The idea is to require lenders to provide one uniform set of price disclosures that is consistent from loan to loan and from lender to lender. Consumers can then compare prices across different loan types and different lenders. Unfortunately, the price information in the TIL makes little economic sense and is incomprehensible to most consumers.

The Information I Need

When I comparison shop for a, e.g., $200,000 30-year fixed-rate mortgage, here is what I want to know:

Interest Rate: 7%

Total upfront lender fees expressed as a percent of loan: 1%, or $2,000

Total upfront lender fees expressed as dollars: $3550

Interest cost over the expected life of my mortgage (7 years): 7.53%

I want the interest rate because that determines my interest payment every month I have the loan, and I want the lender fees because that’s what I must pay out of my pocket now. I need the breakdown of lender fees between those expressed as a percent of the loan and those that are a fixed number of dollars so that I can determine how much more or less I would pay upfront if I change the loan amount.

In addition, I want a single measure of interest cost that takes account of both the rate and the upfront lender fees over the period I expect to have the mortgage. (Since the upfront fees must be spread over the life of the loan, my interest cost is lower the longer I expect to have the mortgage). This is the best measure to use in comparing different types of mortgages or in shopping mortgages from different sources.

If it was an adjustable rate mortgage, I would need more information -- see Information to Evaluate an Adjustable Rate Mortgage.

Information on the TIL

Assuming the same loan, here is approximately what I would find on the TIL:

Total payments: $479,020. This is the monthly payment of $1330.61 multiplied by the term of 360.

Amount financed: $194,450. This is the loan amount of $200,000 less prepaid finance charges of $5550.

Finance charge: $284,570. This is the sum of all interest payments over 360 months (total payments of $479,020 minus $200,000 of principal repayments) plus the prepaid finance charges of $5550.

[Prepaid finance charges: $5550.]

APR: 7.28%. This is interest cost calculated over 30 years rather than over the 7 years I expect to have my mortgage.

The first 3 numbers are totally useless for comparing loans of different type, or for shopping different loan providers. For example, the "finance charge" gives the same weight to dollars paid in interest in the 30th year as dollars paid at closing.

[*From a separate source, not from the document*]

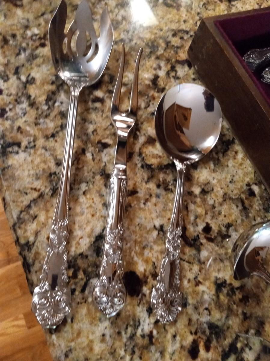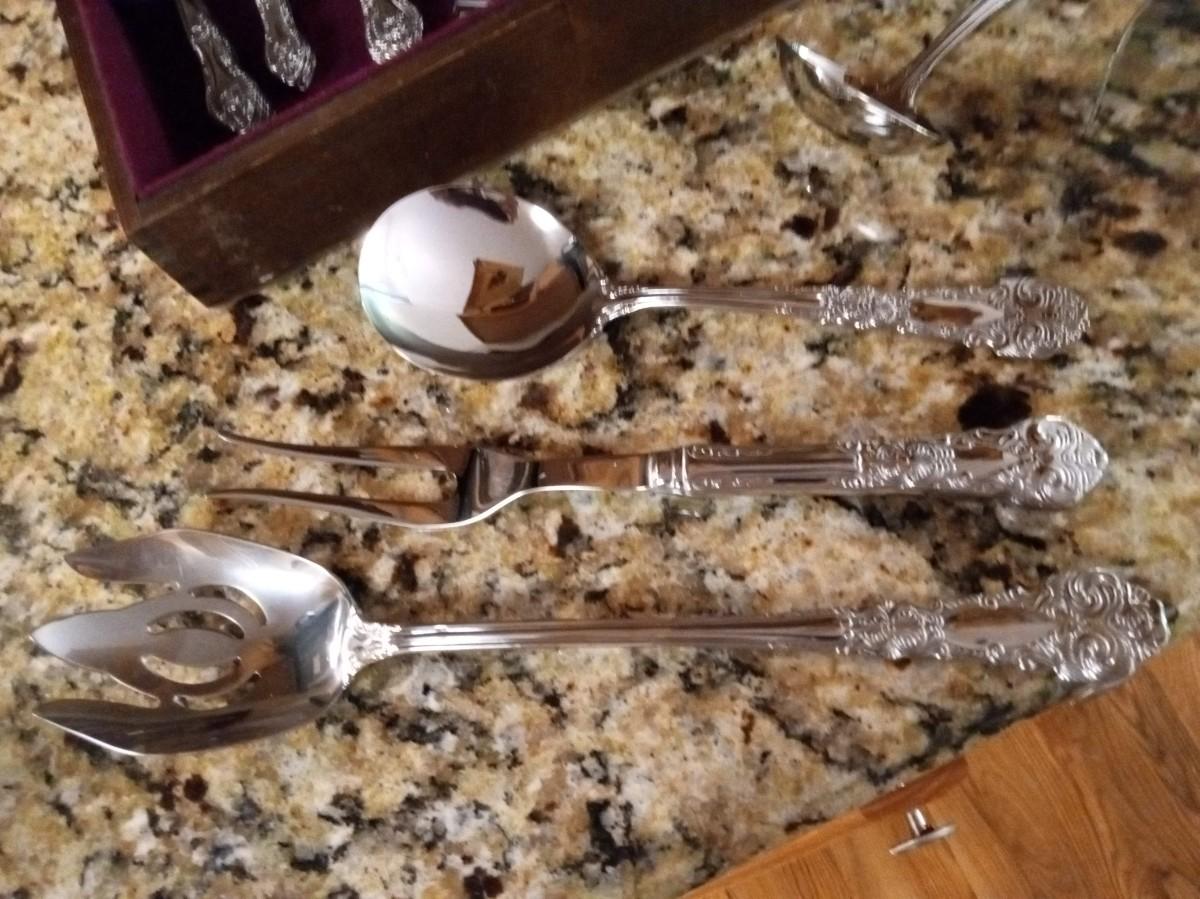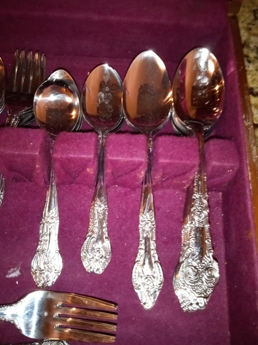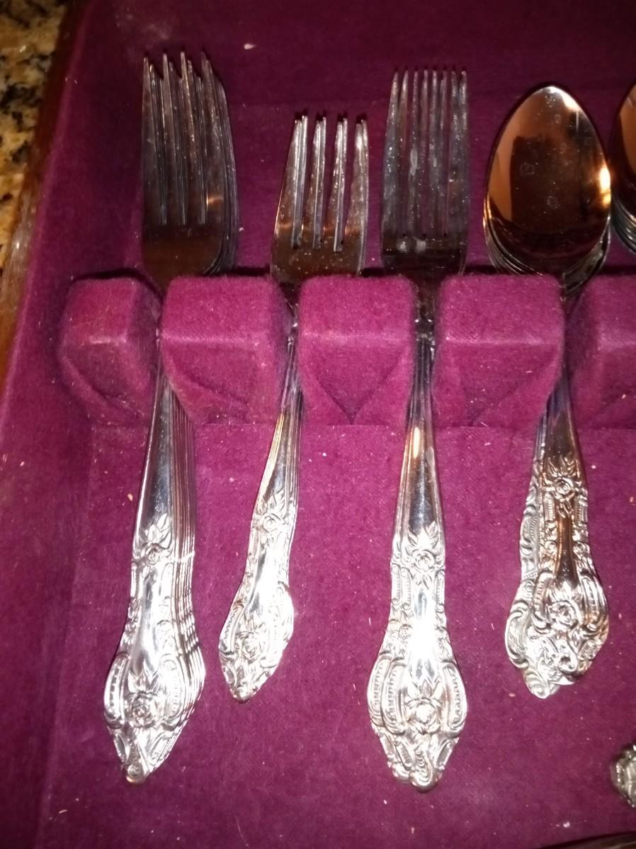 THIS IS A 12-PLACE SETTING MINUS 1 KNIFE. THERE ARE EXTRAS THAT DON'T QUITE MATCH THE MAIN PATTERN BUT ARE SO CLOSE.

TIL doesn’t show the interest rate, probably because of a presumption that the APR makes it unnecessary.

The prepaid finance charge is a useful piece of information, but unfortunately the borrower has to know enough to calculate it by subtracting the amount financed from the loan amount, which is why I place it in brackets. This piece of arithmetic is also sometimes used to deliberately confuse the borrower, see Prepaid Finance Charges: Another Truth in Lending Lie?

APR as a Shopping Tool

The APR is supposed to be a shopping tool, but unfortunately it has serious flaws. First, it is calculated over the life of the loan, even though over 90% of all borrowers sell their house or refinance their mortgage before term. This can lead borrowers with relatively short time horizons astray.

Second, borrowers cannot safely assume that the APR on the day they lock the price will be the APR when they close because fixed-dollar fees are typically not included in the lock. See Why Isn't the APR Locked With the Rate?

Third, the APR cannot be used in comparing a cash-out refinance with a second mortgage. See The APR on a Cash-Out Refinance.

Fourth, the APR cannot be used effectively in comparing or shopping no-cost loans, or any loan in which the lender offers to pay the borrower's third part settlement costs in exchange for a higher rate, because the APR on such loan is biased. See Annual Percentage Rate Below Interest Rate on FRMs?

Fifth, the APR cannot be used effectively in comparing or shopping HELOCs because the APR on a HELOC is the interest rate. See How Do You Shop For a HELOC?

In the first version of this article, I said that the TIL is of some use in warning the borrower that the loan carries a prepayment penalty. That was before I realized how ineffective that warning was. See Disclosure Rules on Mortgage Prepayment Penalties.